8. The method according to claim 1, characterized in that, The real-time correction of the baseline grease injection flow rate, by subtracting the flow rate corresponding to the estimated volume of the bubble event, to obtain the real-time grease injection flow rate includes: When a bubble event is identified, the instantaneous flow rate corresponding to the bubble is calculated based on the estimated volume and the transit time of the bubble between the acoustic sensor arrays. During the transit time of the bubble, the instantaneous flow rate corresponding to the bubble is subtracted from the baseline grease injection flow rate to obtain the real-time grease injection flow rate.
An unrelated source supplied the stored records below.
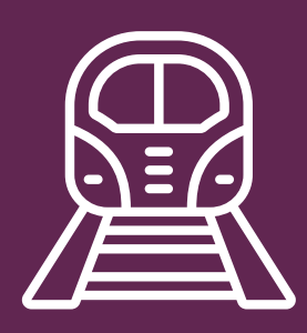
0.4km from Train Station
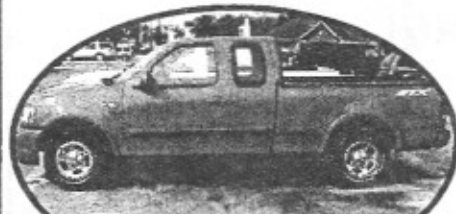
2003 Ford F150 SXT, auto, AC, PS, PB, V6 $10,995
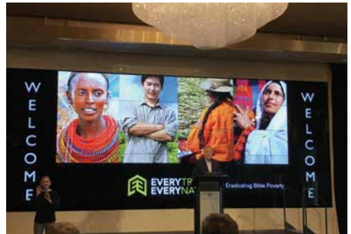
YouVersion – 10th Anniversary Celebration
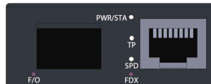
Fig. 2 WDM & SFP Front Panel of MCT-100 Converter
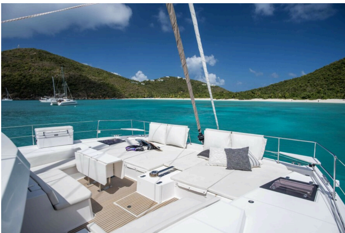
Used Sail Catamaran for sale 2020 BALI CATAMARANS Bali 5.4 - AD ASTRA
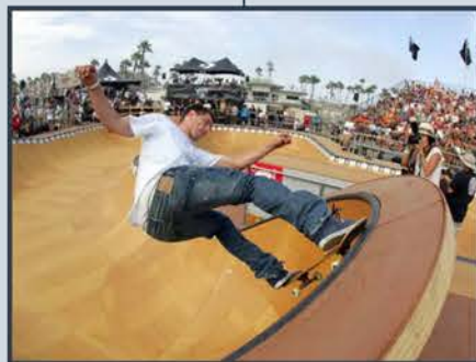
HURLEY INCLUDES SKATEBOARDING AT U.S. OPEN OF SURFING
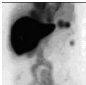
Figure 3. Tc-99m sulfur colloid scintigraphy

Additional examinations including tumor markers, chest radiography, colonoscopy and neck ultrasound were negative. Patient underwent to Tc-99m sulfur colloid scintigraphy which showed multiple oval splenic implants in the abdomen. Some of them adjacent to the diaphragm (Figure 3). Subsequently, abdominal splenosis following the post-traumatic splenectomy was diagnosed.

9. A sensor-based real-time monitoring system for bearing grease injection flow, characterized in that, Includes the following modules: The acquisition module is used to acquire the real-time pressure sequence of the pressure sensor installed in the grease injection line, the real-time temperature sequence of the temperature sensor, and the acoustic signal sequence of the acoustic sensor array arranged along the axial direction of the grease injection line. The calculation module is used to calculate the wall adhesion history factor based on the grease injection interval duration and the estimated volume of the bubbles identified in the previous cycle, and to determine the slip compensation coefficient based on the wall adhesion history factor. Based on the pressure change rate of the real-time pressure sequence, the real-time temperature value, and the wall adhesion history factor, the rheological compensation coefficient is calculated through a preset multivariate nonlinear mapping model. The baseline grease injection flow rate is calculated by combining the real-time pressure sequence, the rheological compensation coefficient, and the slip compensation coefficient. The identification module is used to calculate the transmission time delay and energy attenuation of acoustic signals between adjacent sensors; The energy attenuation is normalized using the rheological compensation coefficient, and the transmission time delay is corrected in the time domain using the reference grease injection flow rate. A feature matrix is ​​constructed based on the normalized energy attenuation and the corrected transmission time delay. The feature matrix is ​​compared with the bubble feature patterns in the preset pattern library. If the similarity is greater than a preset threshold, it is identified as a bubble event and the volume is estimated. The correction module is used to correct the baseline grease injection flow rate in real time, deduct the flow rate corresponding to the estimated volume of the bubble event, and obtain the real-time grease injection flow rate.

10. The system according to claim 9, characterized in that, The calculation of the wall adhesion history factor based on the grease injection interval duration and the estimated volume of bubbles identified in the previous cycle, and the determination of the slip compensation coefficient based on the wall adhesion history factor, includes: The wall adhesion history factor is obtained by weighting the grease injection interval duration and the estimated volume of the bubbles identified in the previous cycle. Based on the wall adhesion history factor, the slip compensation coefficient is determined through a preset linear relationship.